Aug. 13–Last week, the Austin City Council should have learned a lesson in putting clear conditions on incentives it offers to lure development. Those on the receiving end of those incentives should have learned a lesson in paying close attention to those conditions.
That’s about as positive a note as the ball of confusion over $3.8 million in incentives granted to White Lodging Development Services, then withdrawn last week, will yield. The incentives were aimed at encouraging White Lodging to construct a 1,000-plus room hotel at Second Street and Congress Avenue. The decision to withdraw the incentives ended a battle over how the company compensates its construction crews. The company insisted that it was complying with the terms of the incentives agreement; workers groups insisted that the wage structure violated the terms of the agreement.
Here’s the impact of the decision: White Lodging loses the incentives but is no longer obliged to pay construction workers based on wage standards set up in the agreement.
The confusion dates back to a meeting in June 2011, when the council inserted a last-minute provision requiring that White Lodging pay the city’s “prevailing wage” in return for the $3.8 million in incentives. The lodging company agreed but later discovered that wages would wipe out the incentives. Instead of taking the agreement back to the council, White Lodging asked then-Assistant City Manager Rudy Garza if the city would be agreeable to a pay structure that would have some workers earning more than the prevailing wage but some making less. Garza, who has since left the city, agreed.
Workers and their advocates objected to the agreement, touching off a two-year battle over the incentive plan.
The council vote last week followed a sometimes confusing look at how incentive deals are struck and structured and how they can unravel. What was ultimately won and what was ultimately lost remains unclear. For the moment, there are only points of view:
–Gregorio Casar of the Workers Defense Project conceded that low-rung workers would not benefit directly from the council vote. Nonetheless, the vote was one for transparency, Casar, the organization’s business liaison, declared. (Translation: This was a moral victory.)
–Richard Suttle Jr., White Lodging’s lobbyist, told the American-Statesman’s Marty Toohey that his client is disappointed but exploring all options. (Translation: You haven’t heard the last of this.)
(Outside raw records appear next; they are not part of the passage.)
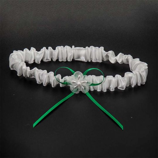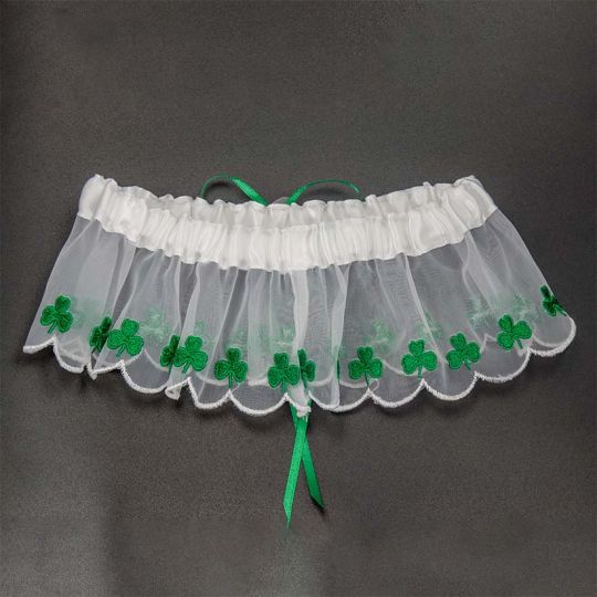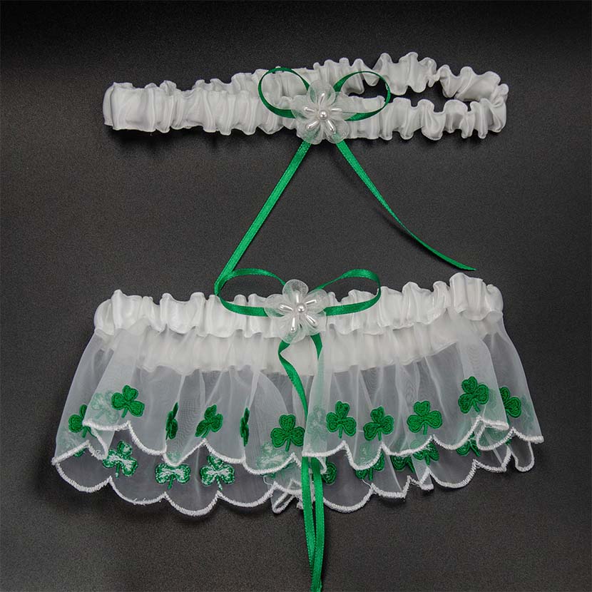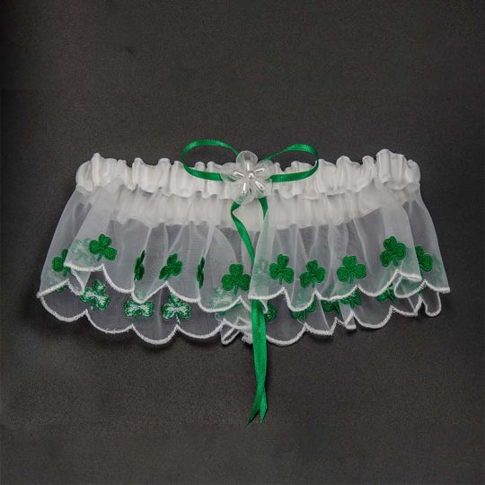 Every Irish bride wants a Irish Garter for her wedding day. However, this all white with green shamrocks set goes one step further and includes 2 garters - one for the bride to keep and another to throw away. One garter is trimmed in lace with green embroidered shamrocks. Both garters have a ribbon bow with rosette center. These come is a gift box with clear lid.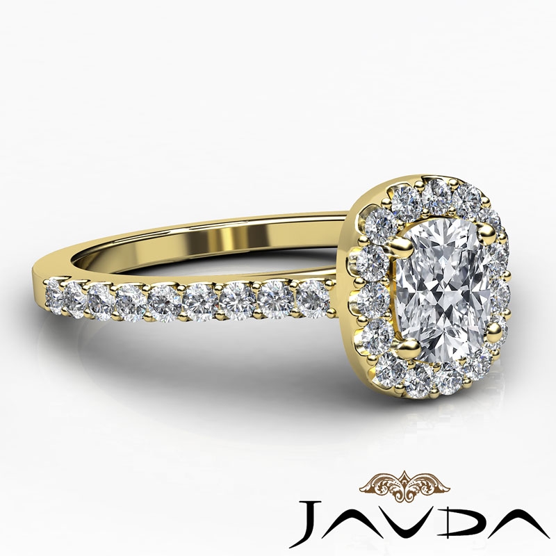 Cathedral French U Pave Halo style Engagement Ring, center is Cushion shape Diamond Report by GIA, D Color & VS1 clarity, Made in 14k Yellow Gold (1.5 ct. tw.)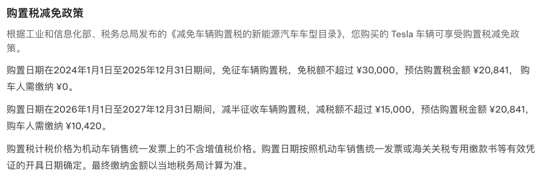 另外有意思的是,特斯拉近期在官网上还贴出了明年要征收购置税的提醒。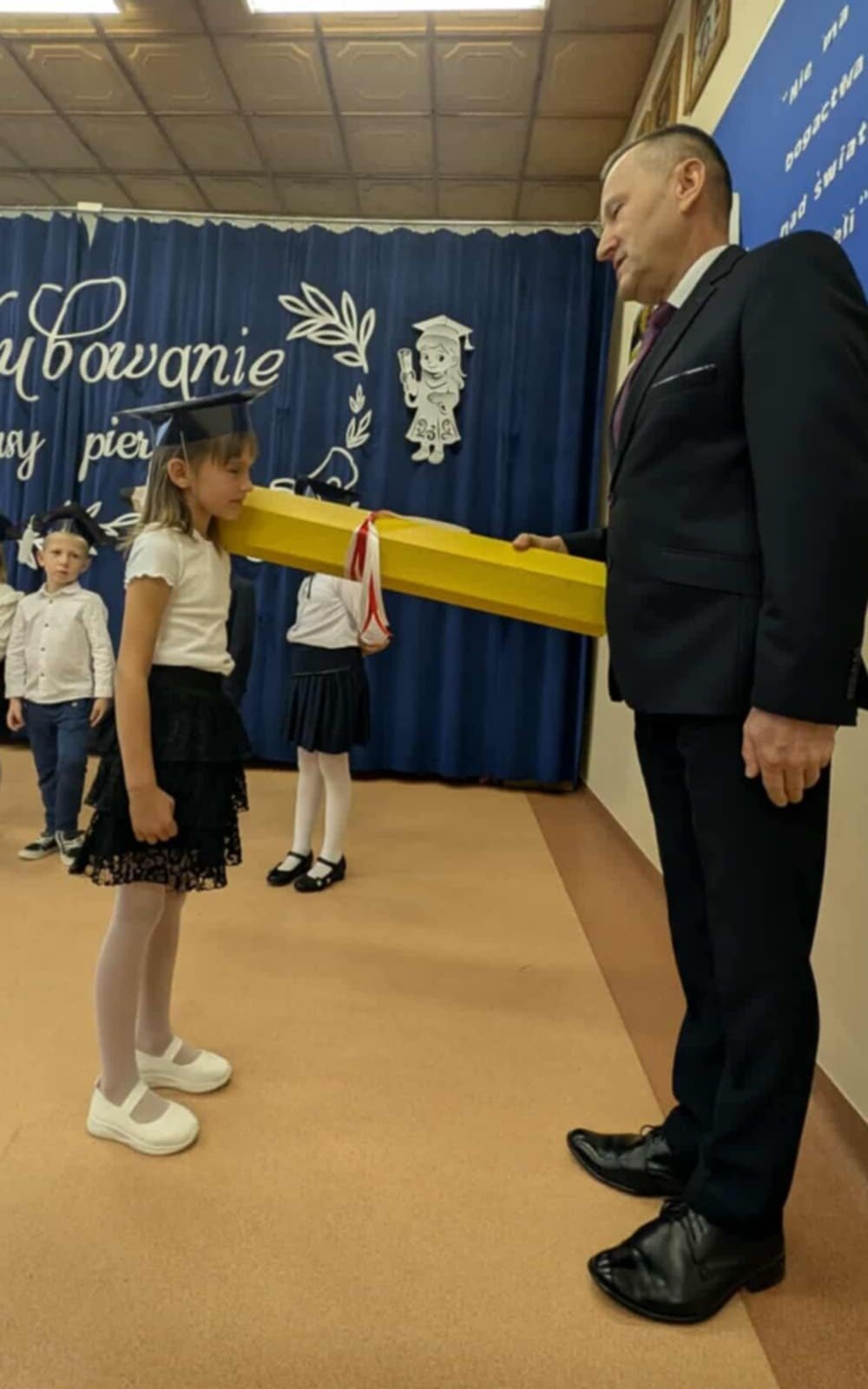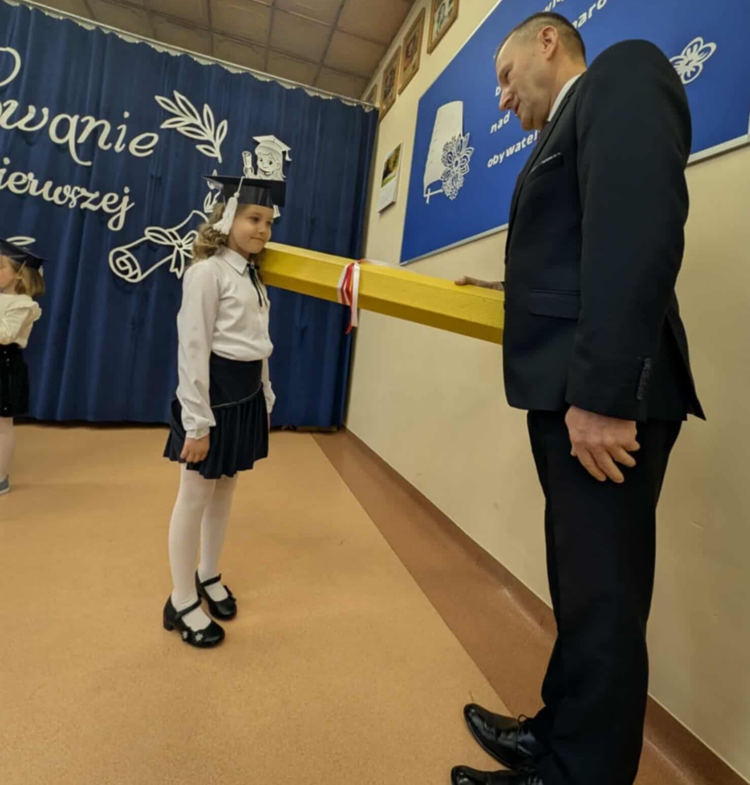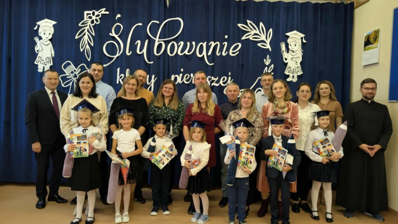 Najważniejszym momentem uroczystości było złożenie ślubowania na sztandar szkoły. Pierwszoklasiści ślubowali być pilnymi i uczciwymi uczniami, szanować nauczycieli, rodziców i kolegów oraz dbać o dobre imię swojej szkoły. Po wypowiedzeniu słów ślubowania pan dyrektor Stanisław Saj, dokonał symbolicznego aktu pasowania na ucznia, dotykając ramienia każdego dziecka dużym ołówkiem – symbolem nauki i mądrości.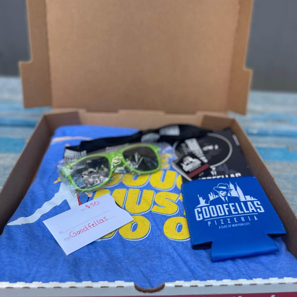 Basket includes $50 gift card good at Goodfellas, with t-shirt (size Large) and misc branded items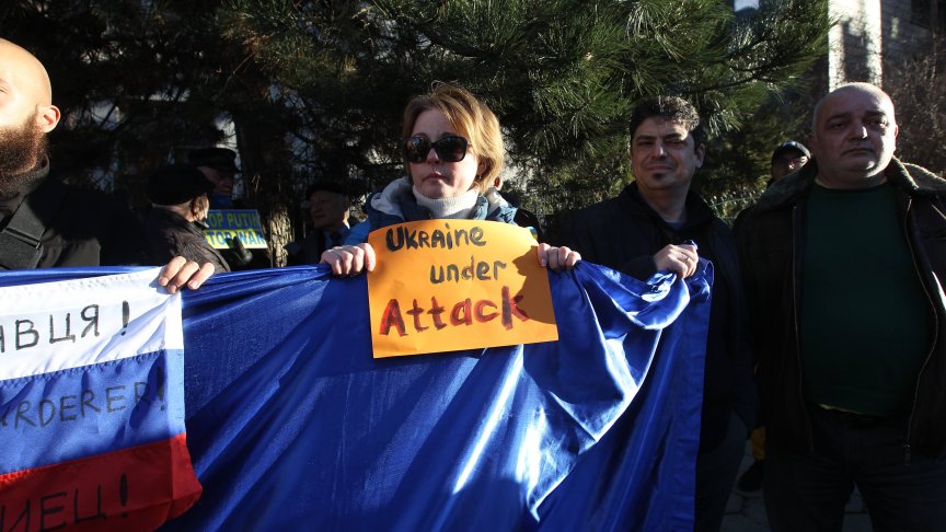 Пред руското посолство в София се събраха хора, които се обявяват срещу военните намеси в Украйна. Те не желаят нарушаването на териториалната цялост на една суверенна държава.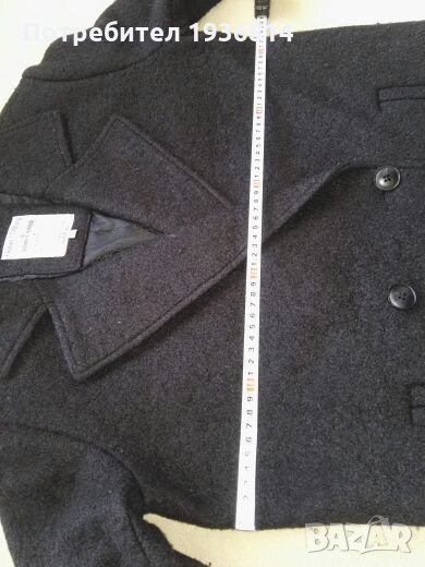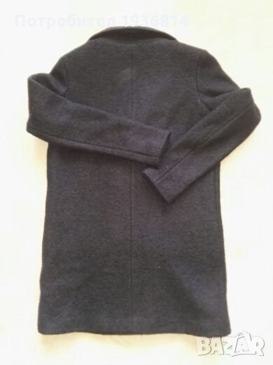 Ново тъмно синьо палто на Том Тейлър, с двуредно закопчаване.Материята е като букле. 70% полиестер/30% вълна. С хастар.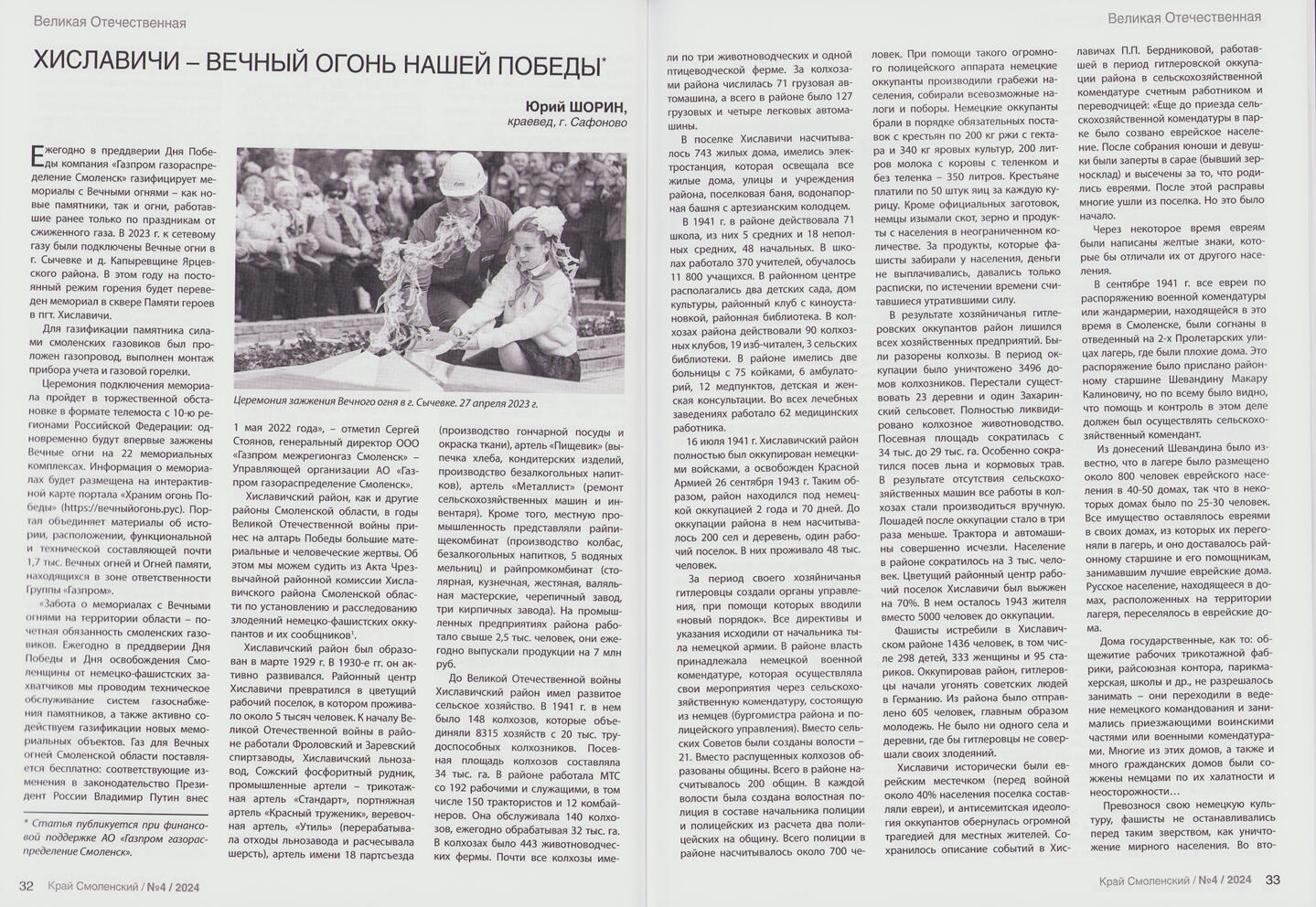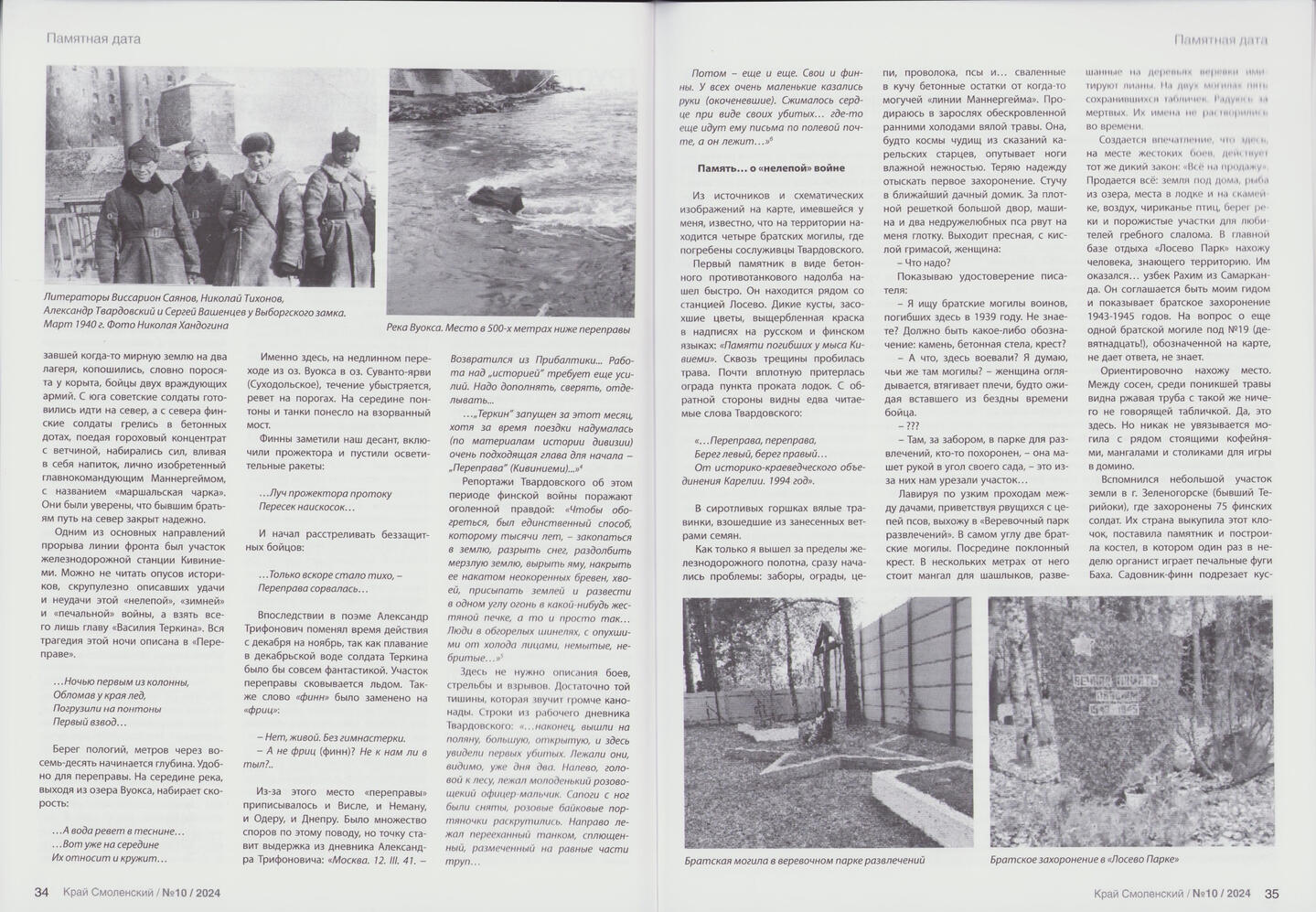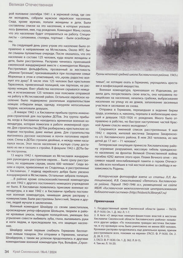 Журнал "Край Смоленский", основанный в 1991 году, является ценным источником информации для изучения истории Великой Отечественной войны на смоленской земле. На его страницах запечатлены трагические события оккупации, героизм советских воинов и партизан, а также мужество и стойкость мирного населения. Раздел "Эхо войны: голоса из архива журнала "Край Смоленский"" призван актуализировать и систематизировать наиболее значимые статьи, опубликованные в журнале за период с 2022 по 2024 гг. Представленные материалы, основанные на архивных документах, воспоминаниях очевидцев и результатах научных исследований, служат сохранению исторической памяти о Великой Отечественной войне и способствуют углубленному пониманию событий тех лет.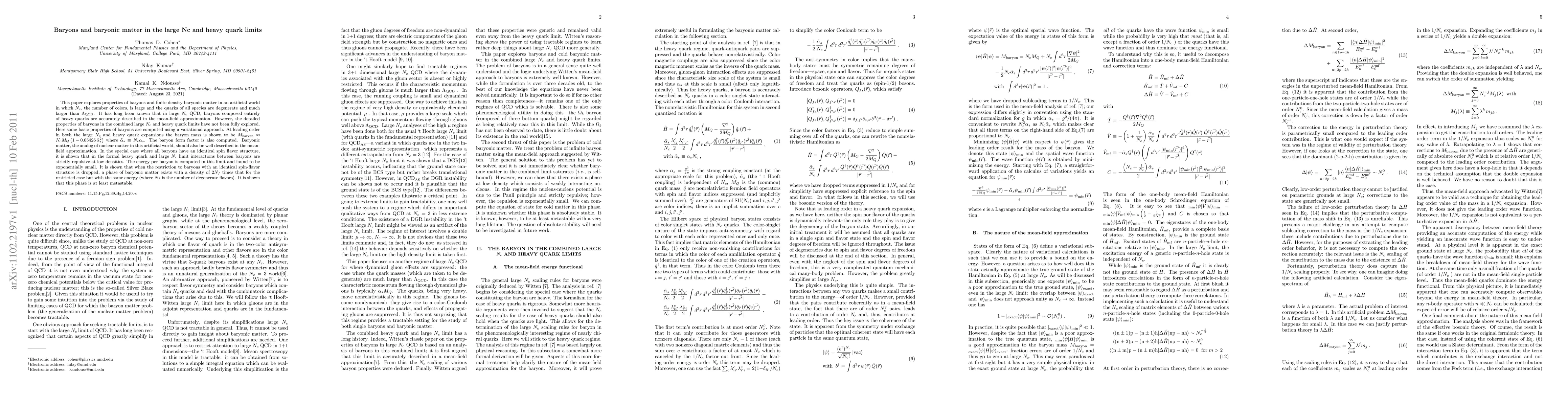 This paper investigates baryon properties and baryonic matter in a theoretical framework where the number of colors (Nc) is large and quarks are heavy and degenerate. It computes baryon mass and form factors using a variational approach, revealing repulsive interactions between baryons at low densities in the large Nc and heavy quark limits, and identifies a metastable phase of baryonic matter with higher density.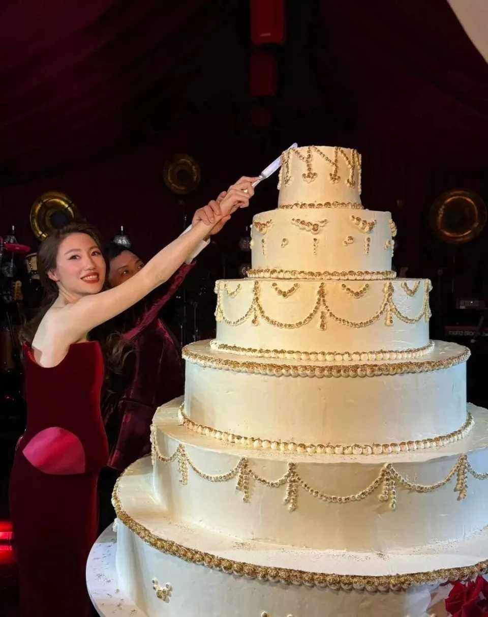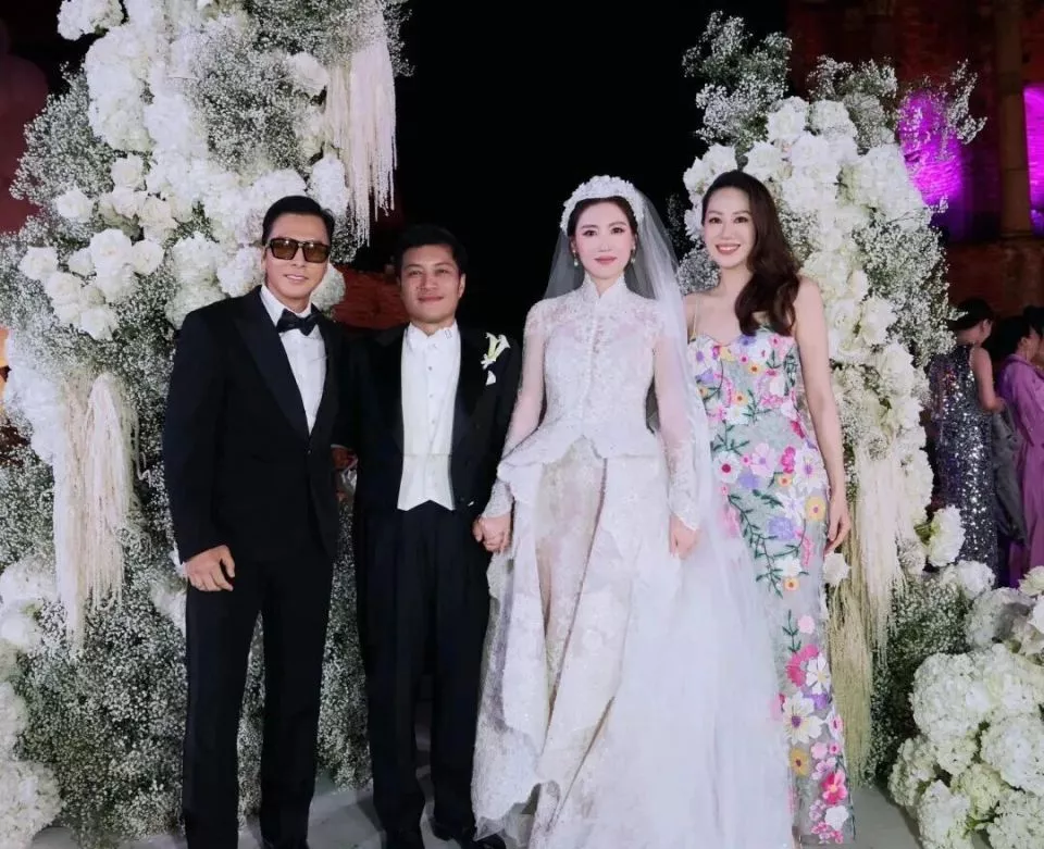这场奢华盛大的婚礼是温州日清集团总裁朱若茜嫁女,她女儿Amanda身着华丽的白纱和甄子丹汪诗诗夫妇合影。朱若茜身穿红色礼服很喜庆大气,她戴着昂贵的珠宝和翡翠,看着比汪诗诗贵气很多。

–Gary Farmer, president of the Greater Austin Chamber of Commerce, scolded the council for going back on its word. “I think it’s imperative the city live up to its agreements, honor its word and zealously protect its reputation. I think the council failed to do that,” said Farmer. (Translation: Businesses are going to think twice in the future about locating here).
–Council Member Mike Martinez offered this assessment: “Nobody is gonna win.” (No translation required).
Before the vote, Deno Yiankes, White Lodging’s president and CEO of the Investments and Development Division, told the council that the company paid more than the federally defined prevailing wage when all the 2,000 construction workers were taken into account, and the company was also willing to pay all workers at least $11 an hour.
That wasn’t good enough for the Workers Defense Project or their council allies. Council Member Bill Spelman said the council’s intent was clear: All workers should be paid the prevailing wage.
If a deviation from that standard was required, it should have been made by the entire council — and not by a ranking city staff member interpreting policy. But mistakes were made by both sides, including the city, whose assistant city manager approved a revised deal with White Lodging. It’s too bad that a compromise could not have been worked out, given the mistakes and confusion.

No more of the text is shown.